As far as I know, today I have been in the closest proximity to the dumper for the past 6 months. He was at my brother's house and we had to drop my brother off. Yes, they all still hangout together every weekend.
This made me sad instantly despite having had an awesome day until that point. The fact that he hangs out so much with my brother and his family should not bother me, should it? My mum and dad also keeps talking about the dumper (ie. if he wanted to sell some of his furniture,etc). Do they not know that I do not want to talk about him or be reminded of him even for the slightest while? All this talk about the dumper has now left me on the verge of tears. If only we did not live in the same town and if only my family would not ever mention him again, things would be better. Seriously, I was having a fabulous day.

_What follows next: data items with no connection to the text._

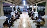 Jamaah menunggu waktu buka bersama dengan menu gulai kambing di Masjid Gedhe Kauman, Yogyakarta, Kamis (30/3/2023). Menu buka bersama setiap Kamis dengan menu gulai kambing merupakan tradisi di Masjid Gedhe Kauman. Sekitar seribu porsi gulai kambing disiapkan oleh masjid untuk jamaah. Awalnya menu spesial ini hanya pada Hari Kamis, tetapi sekarang bertambah pada Senin karena banyak donatur untuk gulai kambing. Tradisi ini awalnya dilakukan sejak Raja Sri Sultan Hamengku Buwono VIII yang memberikan sedekah gulai kambing untuk kaum dhuafa, dan dilestarikan hingga kini. (FOTO : Republika/Wihdan Hidayat)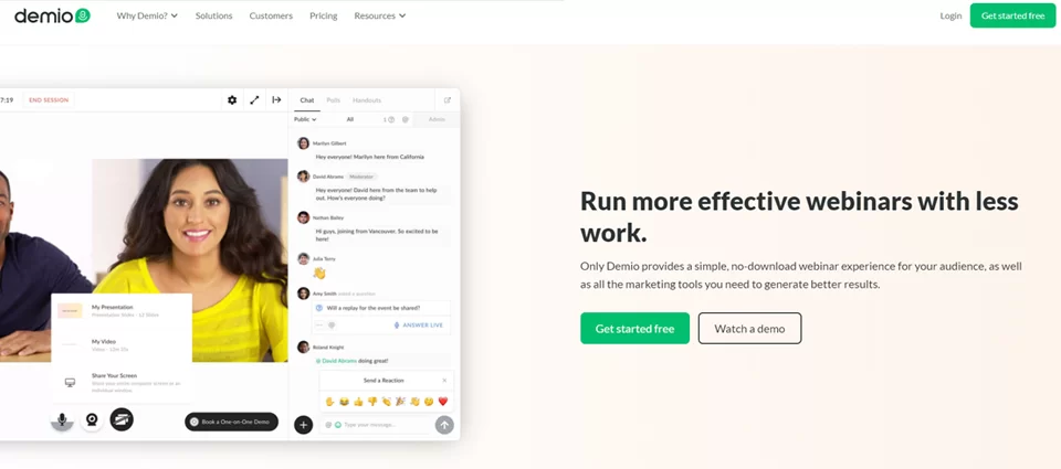 C'est là qu'interviennent les plateformes de webinaires, la plupart des plateformes de webinaires sont des produits "tout-en-un" où vous obtenez toutes les caractéristiques et fonctionnalités dont vous avez besoin en un seul endroit. Par exemple, les meilleures plateformes de webinaires permettent une communication interne facile, une interaction avec les clients, des réunions d'équipe à distance, des présentations marketing, la sensibilisation et la génération de prospects et une formation en ligne avec l'utilisation d'une présentation visuelle et audio de haute qualité.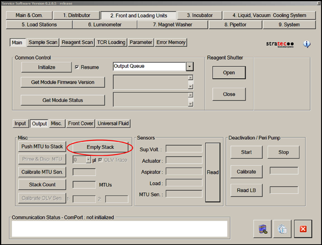 On the Front Loading Units tab, select Output and then Empty Stack to ensure that the Output Queue stack is empty.

To top it off, tomorrow I have to go back to the old apartment that the dumper and I had shared to pack my stuff. Not a wise choice given my vulnerability this evening. For the past couple of days, I have wondered if rushing off to Vancouver (and outta this town) as soon as school is over would be such a good idea. After all it is the summer and that is the best time to be here. Now I remember why I wanted to leave ASAP. Time to move on and start a new life. It won't be easy but I can do it. I know I can.
One of these days, I will not look at a beautiful sunset and feel overwhelmed by remorse. One of these days, there will only be happiness and appreciation for life without the bittersweet part. One of these days, I will find a place to call home. At this point, I'm pretty certain Vancouver is a good candidate.